* [TASK STATEMENT] A verbatim reproduction of the lines below, from the line containing "平米,展商 500 家左右,专业观众预计30000人次,展览期间还将举办西部包装行业发展大会、主旨论坛产品发布会等活动。" through the line containing "Pour the batter", both ends included, is the whole required output.

──────── DATA TO EXAMINE

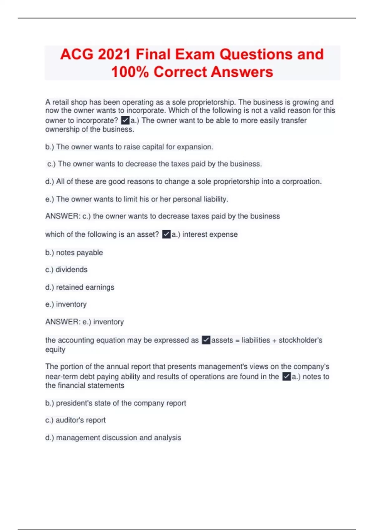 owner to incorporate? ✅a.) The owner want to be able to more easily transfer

────────────────
──────── DATA TO EXAMINE

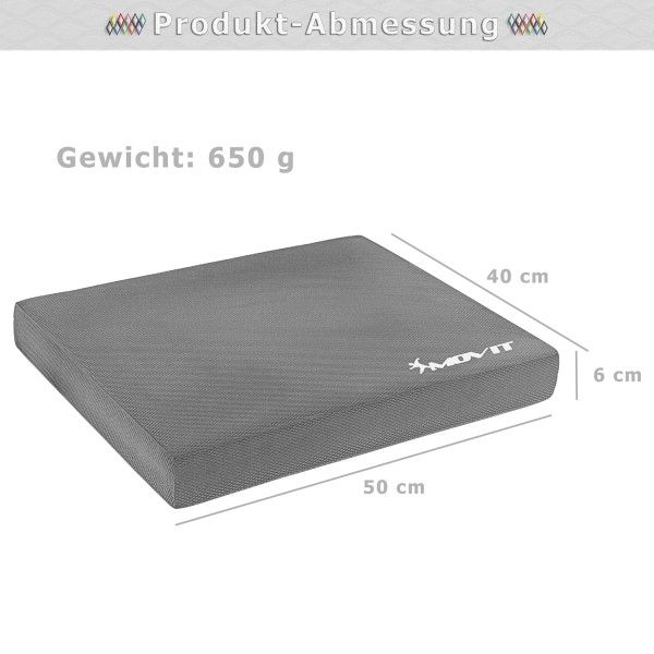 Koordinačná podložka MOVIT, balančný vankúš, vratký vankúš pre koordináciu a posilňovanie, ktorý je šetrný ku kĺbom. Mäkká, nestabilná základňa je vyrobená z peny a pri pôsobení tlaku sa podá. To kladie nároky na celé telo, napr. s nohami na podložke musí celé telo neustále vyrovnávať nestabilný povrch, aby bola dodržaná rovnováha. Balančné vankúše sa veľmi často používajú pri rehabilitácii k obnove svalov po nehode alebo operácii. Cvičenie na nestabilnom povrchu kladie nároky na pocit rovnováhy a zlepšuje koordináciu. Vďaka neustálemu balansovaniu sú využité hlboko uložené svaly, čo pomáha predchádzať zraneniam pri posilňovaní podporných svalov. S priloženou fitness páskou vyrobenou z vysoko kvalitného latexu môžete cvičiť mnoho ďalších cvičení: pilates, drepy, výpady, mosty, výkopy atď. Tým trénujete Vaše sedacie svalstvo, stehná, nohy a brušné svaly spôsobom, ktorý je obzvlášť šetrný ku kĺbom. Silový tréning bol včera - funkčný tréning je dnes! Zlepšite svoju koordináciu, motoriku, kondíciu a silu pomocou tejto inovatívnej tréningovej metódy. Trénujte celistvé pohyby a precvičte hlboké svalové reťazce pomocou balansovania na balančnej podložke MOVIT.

────────────────
──────── DATA TO EXAMINE

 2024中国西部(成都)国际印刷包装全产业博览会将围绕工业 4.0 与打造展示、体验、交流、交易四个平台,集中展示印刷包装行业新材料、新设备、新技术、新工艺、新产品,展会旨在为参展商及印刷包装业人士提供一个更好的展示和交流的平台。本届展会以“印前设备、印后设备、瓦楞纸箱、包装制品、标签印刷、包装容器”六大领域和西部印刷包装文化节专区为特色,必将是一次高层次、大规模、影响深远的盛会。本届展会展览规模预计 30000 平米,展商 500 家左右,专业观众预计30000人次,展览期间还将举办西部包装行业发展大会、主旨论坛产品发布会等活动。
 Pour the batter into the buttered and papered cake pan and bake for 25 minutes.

────────────────

* [RESULT OF THIS EXERCISE]
 2024中国西部(成都)国际印刷包装全产业博览会将围绕工业 4.0 与打造展示、体验、交流、交易四个平台,集中展示印刷包装行业新材料、新设备、新技术、新工艺、新产品,展会旨在为参展商及印刷包装业人士提供一个更好的展示和交流的平台。本届展会以“印前设备、印后设备、瓦楞纸箱、包装制品、标签印刷、包装容器”六大领域和西部印刷包装文化节专区为特色,必将是一次高层次、大规模、影响深远的盛会。本届展会展览规模预计 30000 平米,展商 500 家左右,专业观众预计30000人次,展览期间还将举办西部包装行业发展大会、主旨论坛产品发布会等活动。
 Pour the batter into the buttered and papered cake pan and bake for 25 minutes.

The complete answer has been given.